The problem.
The entries below are to be returned as written, with all pictures dropped.

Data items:
• • •

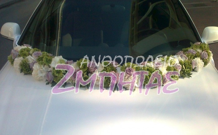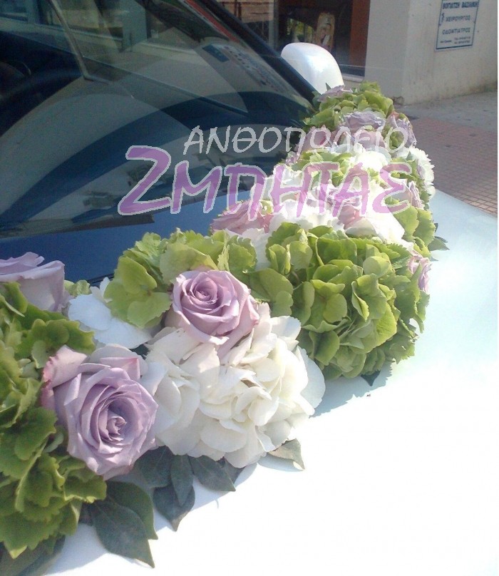 Στολισμος αυτοκινήτου με ορτανσία και τριαντάφυλλα.
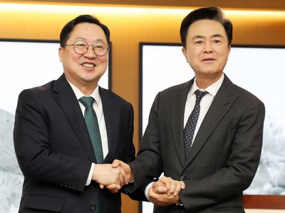 '행정통합' 회동서 악수하는 이장우 대전시장·김태흠 충남지사
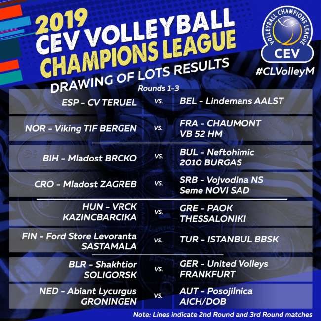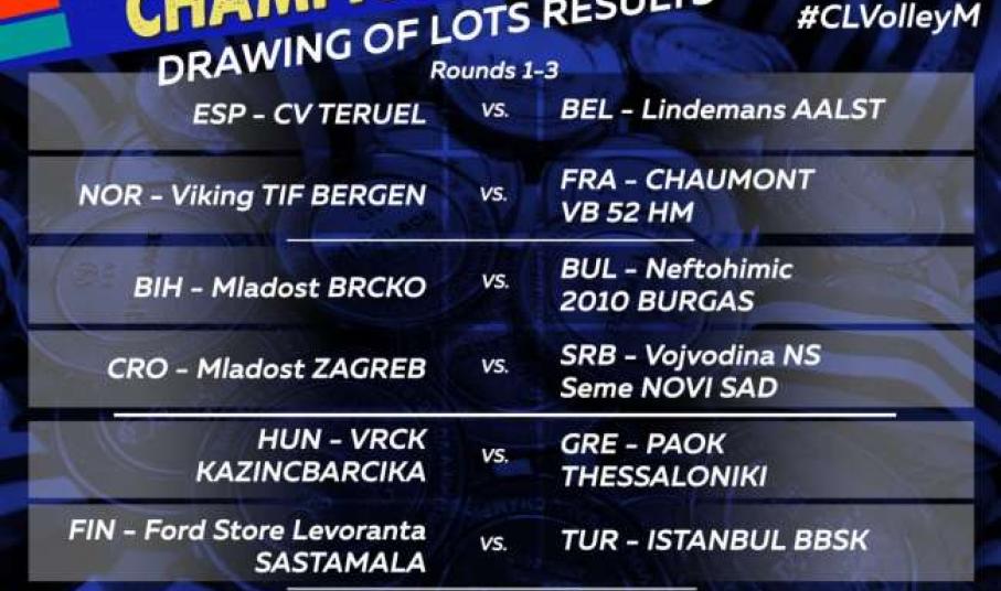 Συγκεκριμένα ο Ολυμπιακός θα αντιμετωπίσει στον Β΄ γύρο του CEV Cup τον ηττημένο του ζευγαριού Σολιγκόρσκ (Λευκορωσίας) - Γιουνάιτεντ Βόλεϊ Φρανκφούρτης (Γερμανία).
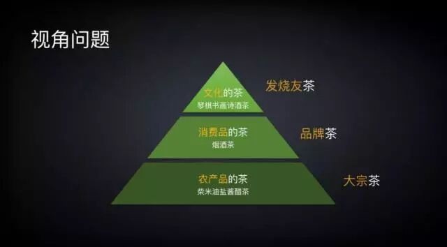 在中国人的生活当中,有三个茶:柴米油盐酱醋茶、烟酒茶、琴棋书画诗酒茶。这三个茶是不同的,最底下这个(柴米油盐酱醋茶)是农产品的茶,中间(烟酒茶)是消费品的茶,再上面这个(琴棋书画诗酒茶)是文化的茶。事实上,从市场和品牌的角度来看,可能消费品的茶更像品牌茶,而农产品的茶是大宗茶,文化的茶变成了发烧友级的茶。
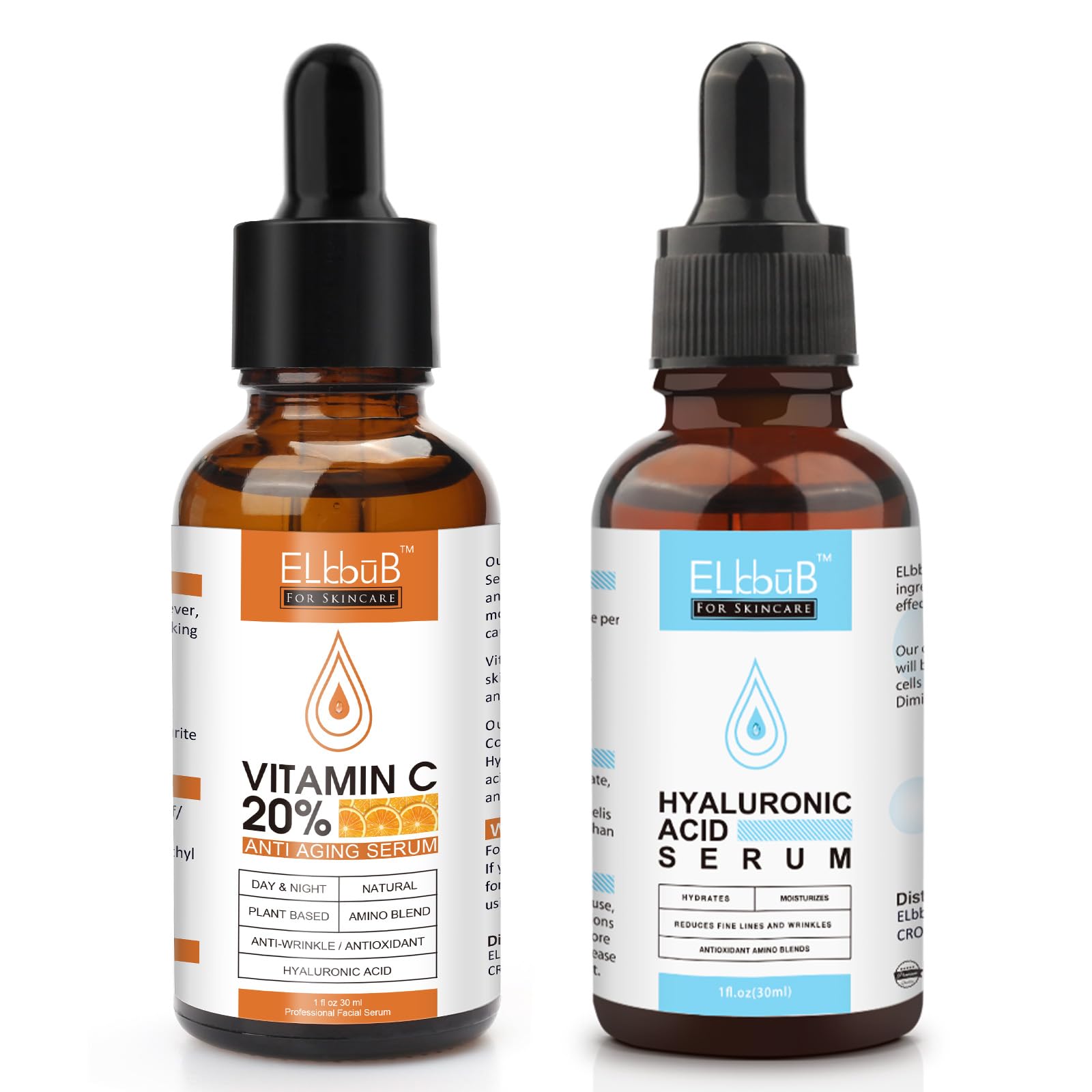 Vitamin C Hyaluronic Acid Serum (Ascorbic Acid) helps your skin to replace old, dead cells with new, fresh ones. Within ELBBUB's best Vitamin C Serum Hyaluronic Acid Serum, many super powerful potent ingredients work together to bring to life a totally youthful combination for your face body. DIRECTIIONS: Can be applied twice daily(morning and night). However, we recommend using the product once per day, working your way up to twice per day. ? 1. Wash your face as usua and pat dry. ? 2. Apply a thin layer of serum over desired areas. ? 3. Allow to dry. ? 4. After serum has dried completely, apply your favourite moisturizer. WARNINGS: For external use only. Not for ophthalmic or oral use. If you currently use any prescriptions or medications for your skin or face please notify your doctor before using. STORAGE: Store in cool dry place way from sunlight. Keep out of reach of childrenSATISFACTION GUARANTEE - You can get 1 30ml ELBBUB Vitamin C Serum and 1 30ml Hyaluronic Acid Serum. 24 Hrs customer service support. If you have any question with this product, please feel free contact us and we'd right here to solve your issue. HOW TO USE - Apply Vitamin C Serum in the morning and Hyaluronic Acid Serum in the evening. Apply 3-5 drops to clean, dry skin on face, neck, and décolleté. Free of synthetic color additives, fragrance, and stabilizers. SUITABLE FOR - This anti-aging serum is suitable for women men and all skin types and can even be used around the eyes. Fastly penetrates deep into the dermal layers of your skin, non greasy. You can easily add this into your daily skincare routine for noticeable results. THE HIGHEST QUALITY HYALURONIC ACID SERUM - Rich in organic and natural ingredients, unique hyaluronic acid, Aloe Extract, Aqua,GIycerine ,Amino Acide, Sodium Hyaluronate and other ingredients, can regenerate and repair sputum, fine lines, wrinkles, dark spots and A region of hyperpigmentation . VITAMIN C SERUM FOR FACE - As you grow older, the skin loses its vitality, leaving it dull, dry and dehydrated. Vitamin C Serum contains Hyaluronic Acid and botanical blend that helps fight against wrinkles and spots. Including Vitamin C Serum in your daily skin care, helps add moisture on face and skin, nourishes the skin and helps to retain its natural glow.
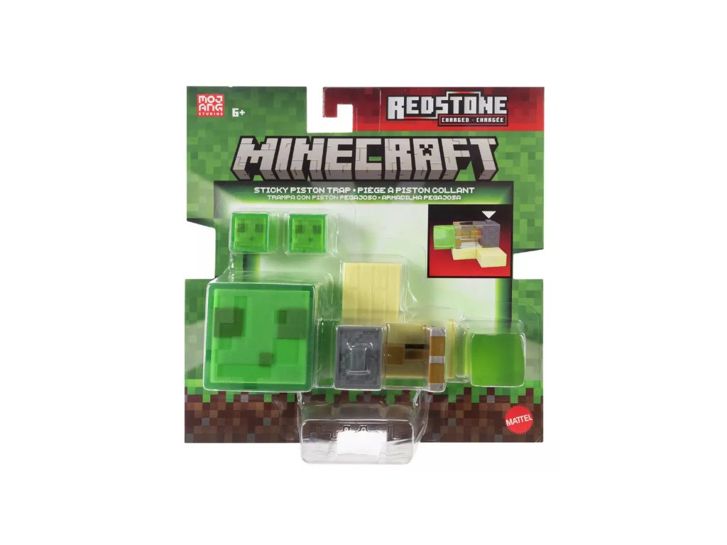 Svět Minecraftu se rozšiřuje díky „síle Redstone“ se sadou Minecraft Redstone Charged Sticky Piston Trap. Obsahuje jednu super lepkavou a měkkou figurku Slime Block, jednu past „Redstone Charged“ a dva menší doplňky pro zombie. Sada byla speciálně navržena designéry Minecraftu s akčním mechanismem Sticky Piston, aby fanoušci mohli znovu vytvořit akci z videohry v reálném životě. Každá sada je zábavná na sbírání a představuje vzrušující dárek pro fanoušky Minecraftu od 6 let.
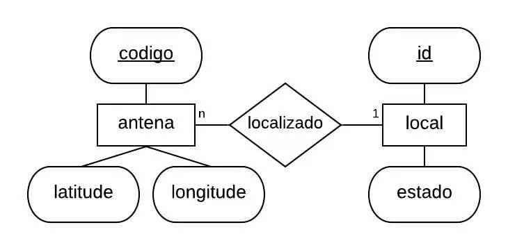 • Considerando a modelagem física que você fez o diagrama ER seria,1 entidade (antena) associada a 4 atributos (id,latitude, longitude e estado) sem relacionamentos ?
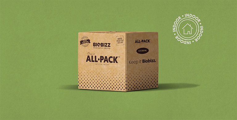 Le nouveau Biobizz All·Pack Indoor 250 ml est la manière idéale de découvrir l’écosystème Biobizz : six nutriments et stimulants organiques essentiels qui accompagnent vos plantes à chaque étape de leur croissance, le tout dans une boîte pratique.
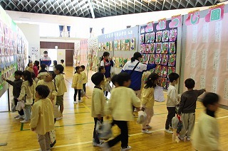 さくら組(年長児)の作品も展示されたので、バスに乗って見学に行ってきました。市内のこども園や小学生、中学生、また様々なジャンルの作品を見学することも出来ました♪

• • •

Your response.
 Στολισμος αυτοκινήτου με ορτανσία και τριαντάφυλλα.
 '행정통합' 회동서 악수하는 이장우 대전시장·김태흠 충남지사
 Συγκεκριμένα ο Ολυμπιακός θα αντιμετωπίσει στον Β΄ γύρο του CEV Cup τον ηττημένο του ζευγαριού Σολιγκόρσκ (Λευκορωσίας) - Γιουνάιτεντ Βόλεϊ Φρανκφούρτης (Γερμανία).
 在中国人的生活当中,有三个茶:柴米油盐酱醋茶、烟酒茶、琴棋书画诗酒茶。这三个茶是不同的,最底下这个(柴米油盐酱醋茶)是农产品的茶,中间(烟酒茶)是消费品的茶,再上面这个(琴棋书画诗酒茶)是文化的茶。事实上,从市场和品牌的角度来看,可能消费品的茶更像品牌茶,而农产品的茶是大宗茶,文化的茶变成了发烧友级的茶。
 Vitamin C Hyaluronic Acid Serum (Ascorbic Acid) helps your skin to replace old, dead cells with new, fresh ones. Within ELBBUB's best Vitamin C Serum Hyaluronic Acid Serum, many super powerful potent ingredients work together to bring to life a totally youthful combination for your face body. DIRECTIIONS: Can be applied twice daily(morning and night). However, we recommend using the product once per day, working your way up to twice per day. ? 1. Wash your face as usua and pat dry. ? 2. Apply a thin layer of serum over desired areas. ? 3. Allow to dry. ? 4. After serum has dried completely, apply your favourite moisturizer. WARNINGS: For external use only. Not for ophthalmic or oral use. If you currently use any prescriptions or medications for your skin or face please notify your doctor before using. STORAGE: Store in cool dry place way from sunlight. Keep out of reach of childrenSATISFACTION GUARANTEE - You can get 1 30ml ELBBUB Vitamin C Serum and 1 30ml Hyaluronic Acid Serum. 24 Hrs customer service support. If you have any question with this product, please feel free contact us and we'd right here to solve your issue. HOW TO USE - Apply Vitamin C Serum in the morning and Hyaluronic Acid Serum in the evening. Apply 3-5 drops to clean, dry skin on face, neck, and décolleté. Free of synthetic color additives, fragrance, and stabilizers. SUITABLE FOR - This anti-aging serum is suitable for women men and all skin types and can even be used around the eyes. Fastly penetrates deep into the dermal layers of your skin, non greasy. You can easily add this into your daily skincare routine for noticeable results. THE HIGHEST QUALITY HYALURONIC ACID SERUM - Rich in organic and natural ingredients, unique hyaluronic acid, Aloe Extract, Aqua,GIycerine ,Amino Acide, Sodium Hyaluronate and other ingredients, can regenerate and repair sputum, fine lines, wrinkles, dark spots and A region of hyperpigmentation . VITAMIN C SERUM FOR FACE - As you grow older, the skin loses its vitality, leaving it dull, dry and dehydrated. Vitamin C Serum contains Hyaluronic Acid and botanical blend that helps fight against wrinkles and spots. Including Vitamin C Serum in your daily skin care, helps add moisture on face and skin, nourishes the skin and helps to retain its natural glow.
 Svět Minecraftu se rozšiřuje díky „síle Redstone“ se sadou Minecraft Redstone Charged Sticky Piston Trap. Obsahuje jednu super lepkavou a měkkou figurku Slime Block, jednu past „Redstone Charged“ a dva menší doplňky pro zombie. Sada byla speciálně navržena designéry Minecraftu s akčním mechanismem Sticky Piston, aby fanoušci mohli znovu vytvořit akci z videohry v reálném životě. Každá sada je zábavná na sbírání a představuje vzrušující dárek pro fanoušky Minecraftu od 6 let.
 • Considerando a modelagem física que você fez o diagrama ER seria,1 entidade (antena) associada a 4 atributos (id,latitude, longitude e estado) sem relacionamentos ?
 Le nouveau Biobizz All·Pack Indoor 250 ml est la manière idéale de découvrir l’écosystème Biobizz : six nutriments et stimulants organiques essentiels qui accompagnent vos plantes à chaque étape de leur croissance, le tout dans une boîte pratique.
 さくら組(年長児)の作品も展示されたので、バスに乗って見学に行ってきました。市内のこども園や小学生、中学生、また様々なジャンルの作品を見学することも出来ました♪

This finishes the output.